──────── SOURCE MATERIAL ────────

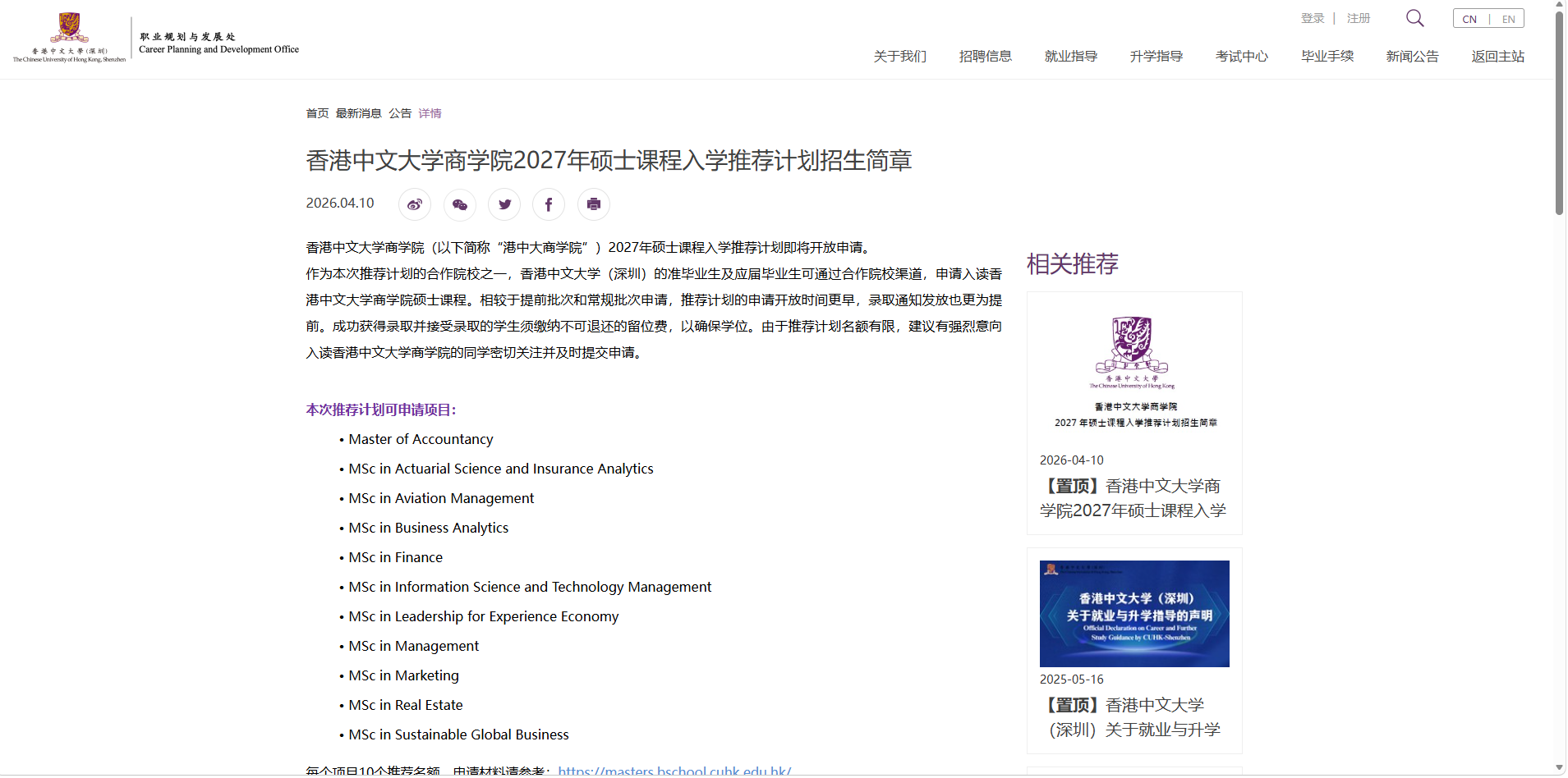香港中文大学商学院2027年硕士课程入学推荐计划招生简章
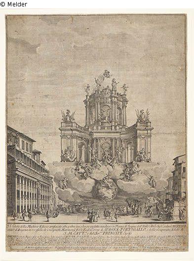 Festarchitektur mit Feuerwerk in Form eines in den Wolken schwebenden Sakralbaus mit Tambour, 1728 vom Architekten Nicola Salvi geschaffen. Über der Barcaccia erbaut, sind in den Wolken Hymeneo (Gott der Hochzeitszeremonien), Amor auf der Weltkugel und oben Apollon, umgeben von den neun Musen, zu sehen.
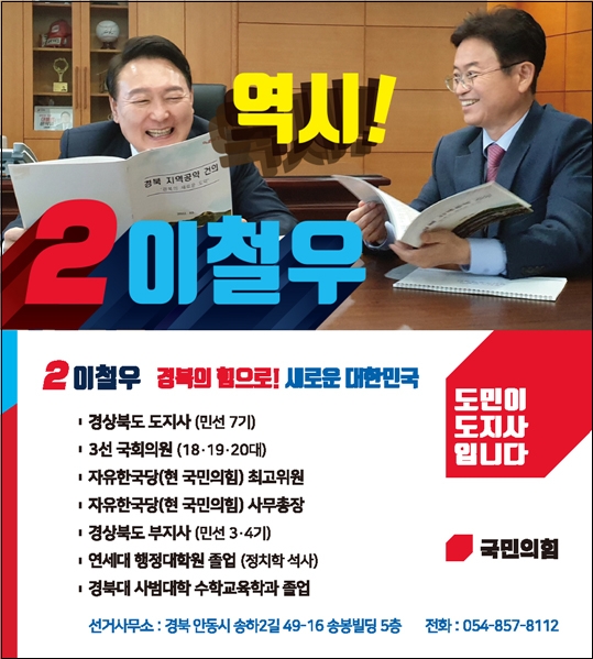 | 국민의힘 기호 2번 이철우 후보는 “더 행복한 경북, 더 건강한 경북, 더 안전한 경북을 만들어 경북을 대한민국의 중심으로 만들겠다”라고 밝혔다.

────────

- EXERCISE INSTRUCTIONS
Give back the whole listing exactly; no pictures.

- WRITTEN ANSWER
香港中文大学商学院2027年硕士课程入学推荐计划招生简章
 Festarchitektur mit Feuerwerk in Form eines in den Wolken schwebenden Sakralbaus mit Tambour, 1728 vom Architekten Nicola Salvi geschaffen. Über der Barcaccia erbaut, sind in den Wolken Hymeneo (Gott der Hochzeitszeremonien), Amor auf der Weltkugel und oben Apollon, umgeben von den neun Musen, zu sehen.
 | 국민의힘 기호 2번 이철우 후보는 “더 행복한 경북, 더 건강한 경북, 더 안전한 경북을 만들어 경북을 대한민국의 중심으로 만들겠다”라고 밝혔다.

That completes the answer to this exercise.